I have heard it argued that California does not have autumn. In fact, I do like to think of California as having only three very distinct seasons: the rainy season, the wildflower season, and the dry season.
But it is now mid October, late into the dry season and it is hard not to call this autumn. Late dry season perhaps ? The native landscape has certainly shut down and gone into summer-dry dormancy, most dramatically noted in the beautiful sculptural native buckeye tree.
And our native deciduous oak trees, particularly those in Northern California and Sierra mountains will show some fall color especially if it had been a good growth year and a normal wet winter the previous season.
But for those gardeners who know how to use a little bit of supplemental water in this summer-dry climate there is color to be found and taken advantage of.

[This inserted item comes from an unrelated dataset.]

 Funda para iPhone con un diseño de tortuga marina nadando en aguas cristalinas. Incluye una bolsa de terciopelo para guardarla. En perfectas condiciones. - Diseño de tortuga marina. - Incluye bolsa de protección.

Here Phormium ‘Guardsman’ with switch grass and a redbud tree shedding its leaves. The Phormium already has variegated color in it, and when back lit by the low autumn sun the colors will glow.

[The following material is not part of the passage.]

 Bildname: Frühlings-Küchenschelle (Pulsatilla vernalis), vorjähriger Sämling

Ginkgo trees will not be showing their bright butter yellow leaves for another month but they are a classic for fall color tree in California.
Warm season grasses are by now full size and when combined into a meadow motif it surely says autumn.
Some of our native grasses will actually get some full color and here this Pinegrass looks fantastic with the maroon bark of Manzanita.
Another native plant, the California wild grape (Vitis californica) will color up nicely in the garden if given a bit of summer supplemental water, as in this garden by David Fross.
There are many non-native shrubs that show wonderful fall color and I actually designed my front garden entirely around fall color. There is a poster below based on one single day in my garden, November 19, 2011 which did not even include this October beauty, a Smokebush, Cotinus coggyria ‘Pink Champagne’ as framed with a Muhlenbergia grass.
We often associate fall with fruit season but when I saw the bright orange fruit of the Jelly palm (Butia capitata) on the ground in Ruth Bancroft Garden, I had a new appreciation of fall color.